Шрифт:
Интервал:
Закладка:
— Да.
— А чем ты занимаешься всю ночь? Книги читаешь? — спросил Андрей и ухмыльнулся.
— В основном я бываю на море или где-нибудь в «Югре», — ответил я с неохотой. — В баре, в ночном клубе, в бильярдной… А потом всё равно иду на море и сижу там до рассвета.
Григорич посмотрел на меня с интересом и даже сделал музыку потише.
— И сидишь там один? Ночью? Какого хрена ты там делаешь, Эдуард? А жена тебе прогулы не ставит?
— Ночное море подстёгивает моё воображение, — ответил я. — Оно вдохновляет меня.
— Ну ты даёшь! — воскликнул Калугин, глядя на меня с отрицательным восхищением. — У него в номере — жена! Шикарная баба! С телом Афродиты! А он сидит всю ночь на берегу и нюхает эту рыбную вонь… С воодушевлением пялится в это унылое тёмное пространство.
Я молчал, глядя на дорогу. Я не мог самому себе объяснить, почему каждую ночь меня так тянет на море, а не к жене, почему мне так важно увидеть сперва закат, а потом рассвет; почему я могу укладываться только с восходом солнца и почему с самого отъезда из Тагила меня мучает беспощадная тоска, хотя я совершенно не скучаю по городу и редко вспоминаю про Таню.
Мне было очень плохо (на горле как будто затягивалась петля), но я не нуждался ни в чьих утешениях, напротив, мне нужно было абсолютное одиночество, чтобы сосредоточиться на своей боли и хотя бы понять её происхождение. Но я ничего не понимал, ведь по большому счёту всё было хорошо, и я бы даже сказал — отлично. Откуда же бралась эта душевная смута? Внутри меня как будто разлагался труп, и жёлтая гангрена охватила мою душу. Мне казалось, что дни мои сочтены.
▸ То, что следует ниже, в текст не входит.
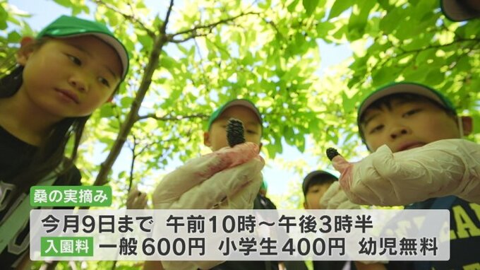 子どもにとっては「新鮮な」甘酸っぱさが楽しめる桑の実の摘み取り体験は今月9日まで開催されています。

«Наверно, Калугин был прав, когда говорил, что меня сглазили, — подумал я. — А может, я просто тронулся умом? Обычно люди страдают, когда в их жизни случаются беды и лишения. Со мной ничего подобного не происходит, но почему так больно? Почему мне так невыносимо в этом раю? Может, я интуитивно чувствую то ужасное, что уже случилось в будущем? Интуиция — это результат инверсии временного потока. Человек начинает чувствовать раньше, чем приходит осознание. С каждым днём вопросов становится всё больше, а ответов на них нет».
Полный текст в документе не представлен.